German automakers have so far remained immune to the sales slump hollowing out profits at many Western mass car manufacturers.
“Daimler’s warning today reaffirms its status as the most unlucky of the German OEMs (manufacturers). No other German automaker seems as prone to misfortune and misses,” wrote Bernstein analyst Max Warburton.
Mercedes suffers from far more significant problems in China than its competitors, which Zetsche has partly blamed on their local sales organization. China sales grew only 3 percent last month, whereas BMW sold 38 percent more cars and Audi 24 percent more.
Commerzbank analyst Daniel Schwarz said Daimler missed a golden opportunity in July to cut its profit target when most were expecting one.
“It would have been more clever had management used this freebie from the markets to guide toward a more cautious full-year forecast,” he said.
Credit Suisse, long a critic of Daimler’s management, raised questions about its executive team.

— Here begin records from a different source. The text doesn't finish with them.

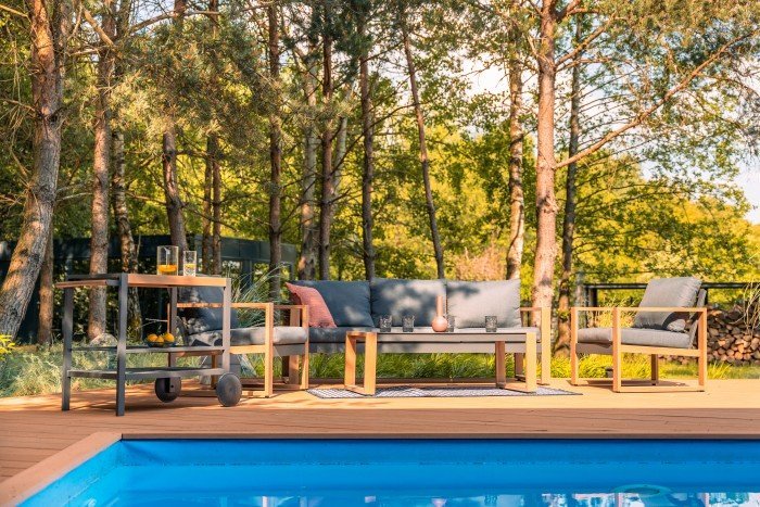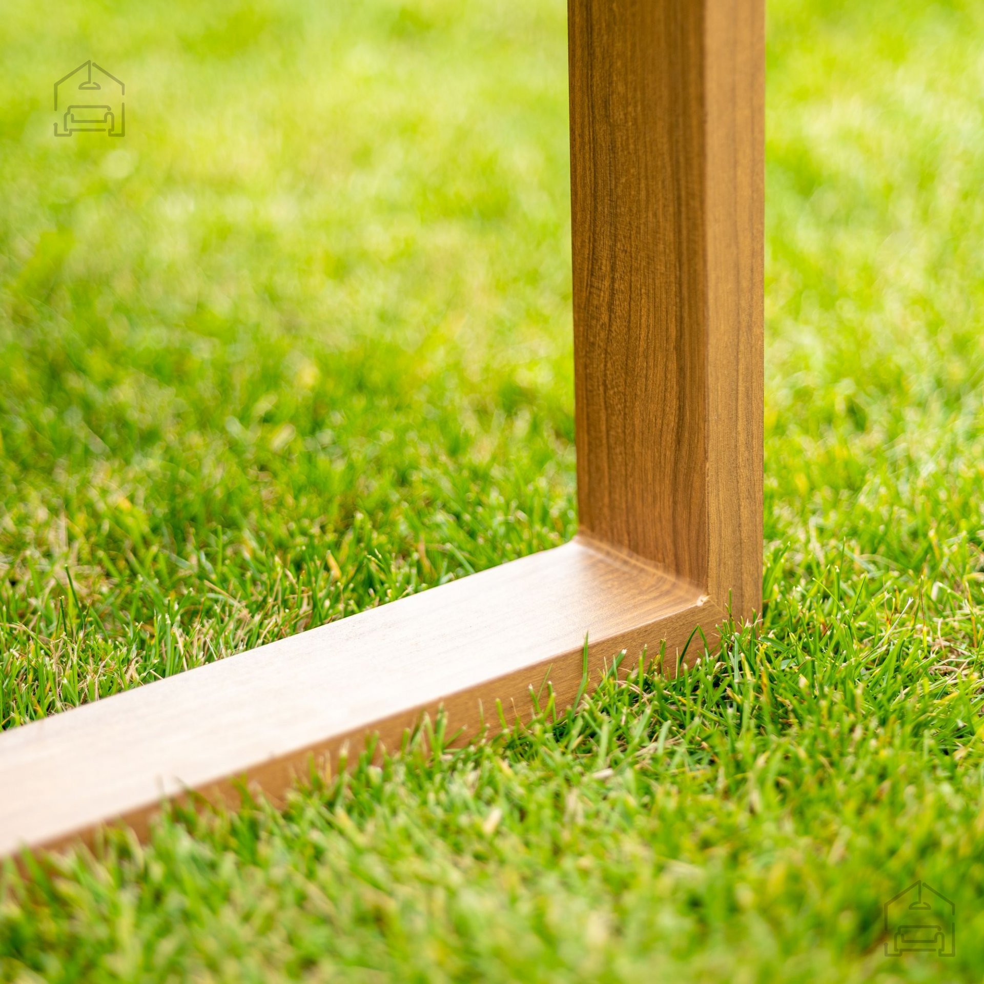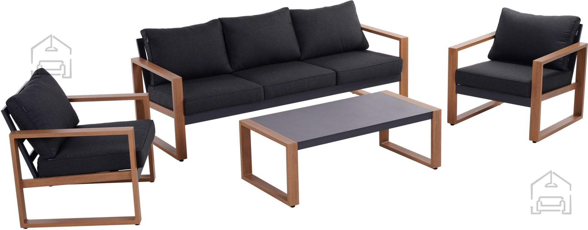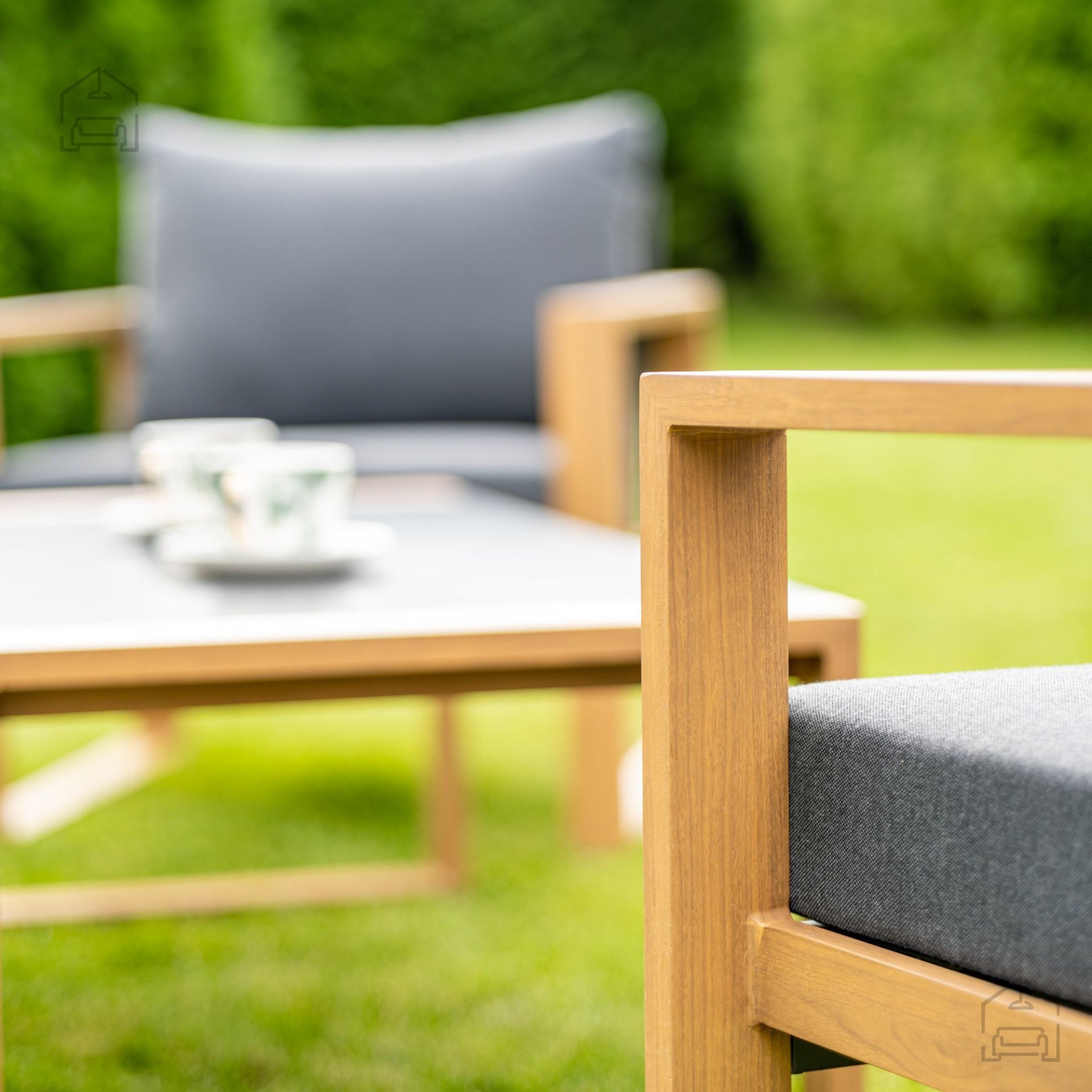 Die Kombination aus Aluminiumrahmen mit Elementen, die Holz imitieren, ergibt eine modische und minimalistische Struktur, die sich hervorragend für moderne Gestaltungen von Außenbereichen zur Entspannung eignet. Die Möglichkeit, die Position der einzelnen Elemente des Sets beliebig zu konfigurieren, ermöglicht die Gestaltung nahezu jedes Außenbereichs.
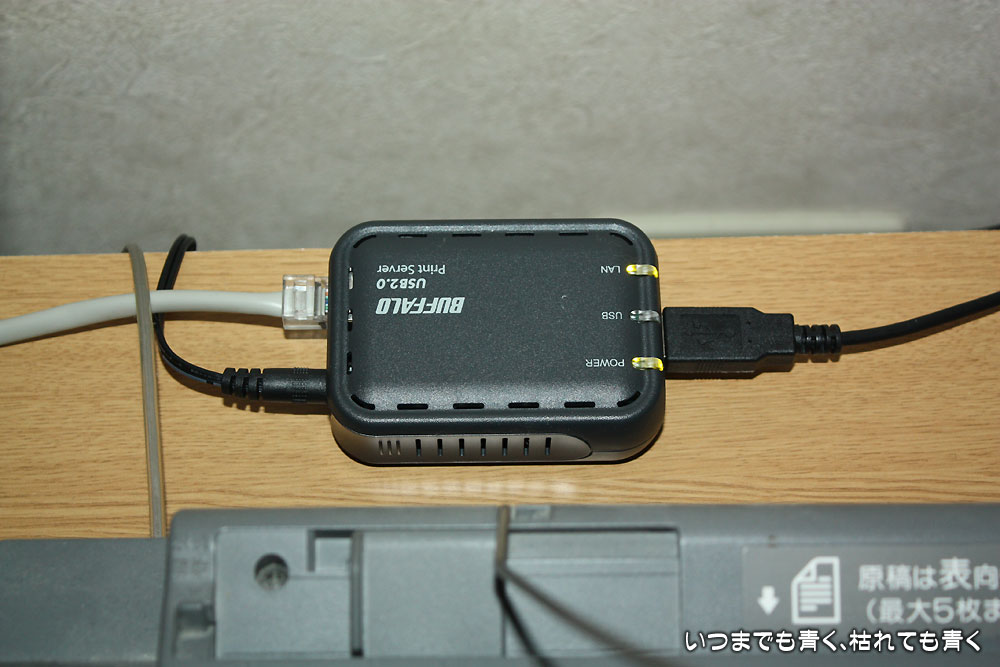 BUFFALOのLPV3-U2Sという有線プリントサーバを使って、リビングのCANON MP600を共有化します。
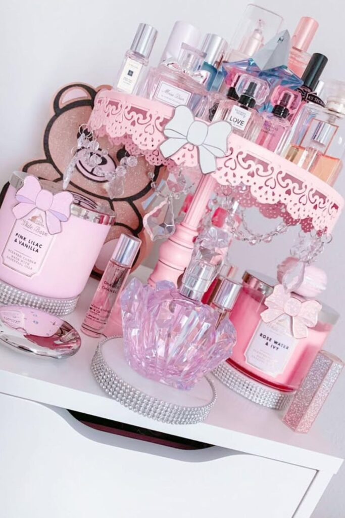 A pink decorative tiered stand adds playfulness. With hanging crystals and bows, it’s both storage and a statement piece. It’s a fun and youthful choice for showing off colorful bottles.
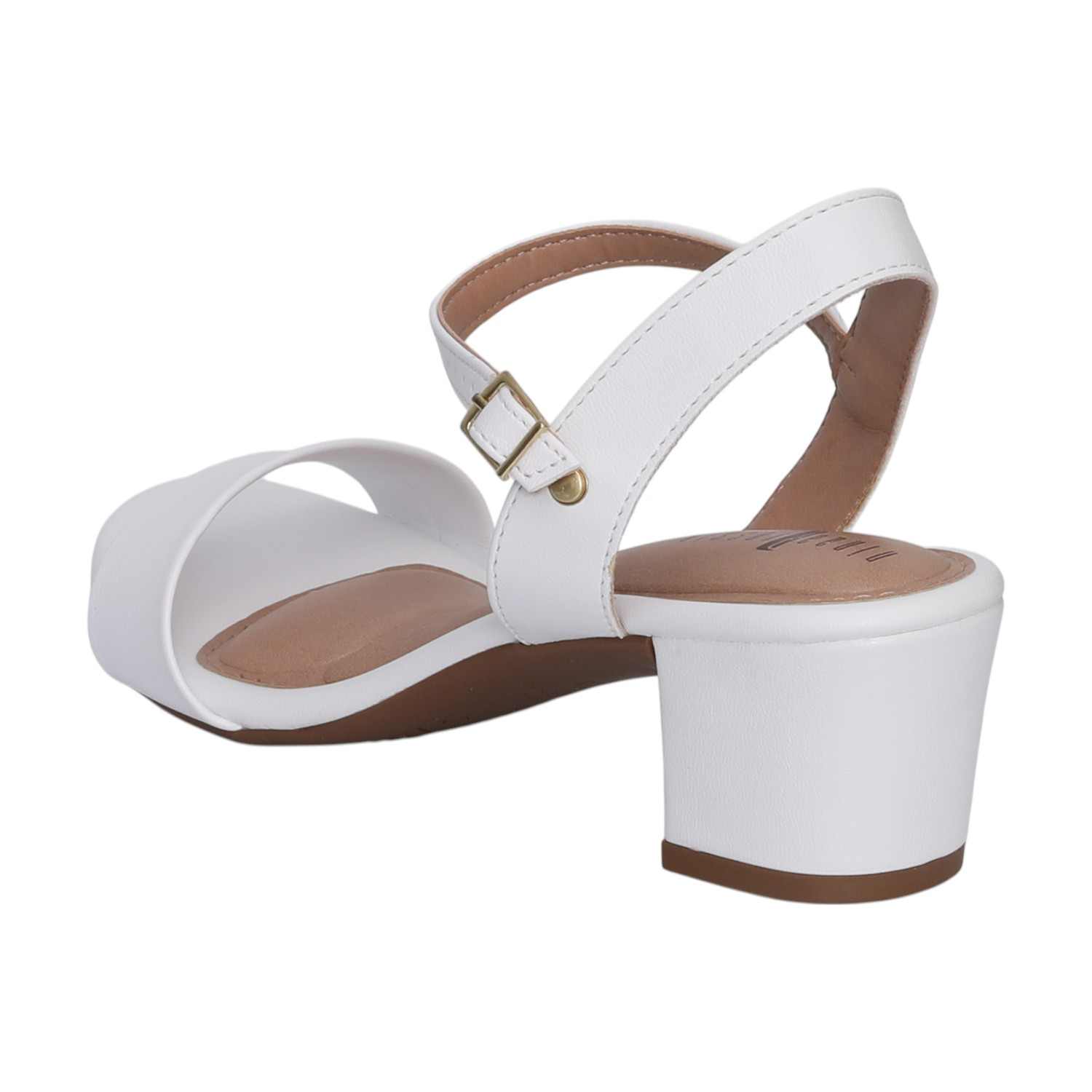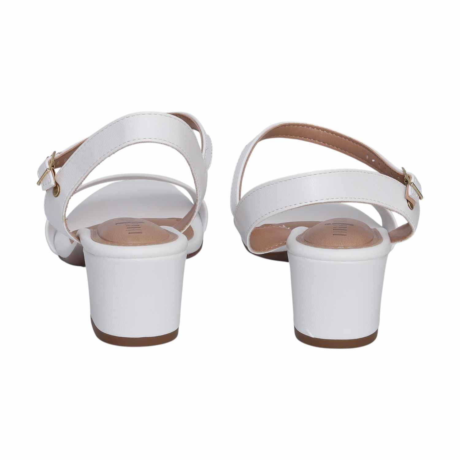 Step out in timeless elegance with our Classic White Block Heels. These sophisticated sandals feature a crisp white finish, designed with a clean, wide strap across the toes and a delicate ankle strap, secured by a chic gold-toned buckle. A comfortable, moderate-height block heel provides stable elevation, complemented by a contoured light brown footbed for all-day comfort. Perfect for adding a touch of refined simplicity to any outfit, from casual spring looks to more formal summer events.

“In light of ongoing disappointments, we view investor concerns about management as the biggest factor holding back a better share price performance,” the bank said.
Zetsche said earnings before interest and tax (EBIT) at the luxury unit would fall short of last year’s 5.2 billion euros ($ 6.79 billion) rather than match it.
Second-half EBIT at the Mercedes-Benz Cars unit will fall below the first-half result, when it earned 2.57 billion euros, the chief executive added. This implies a shortfall of at least 60 million euros for the full year.
Zetsche, who reaffirmed full-year forecasts for the entire group, said the business environment in the European market was becoming increasingly difficult.
The carmaker would use a package of measures to counter the slump, he added, amid a significant increase in competitive pressures in China, a major source of profits for German luxury brands in recent years thanks to surging sales of high-priced cars like the Mercedes-Benz flagship S-Class saloon.
The Stuttgart-based company said in July it expected group EBIT from its ongoing business this year to be around the same amount as the 9 billion euros it earned in 2011.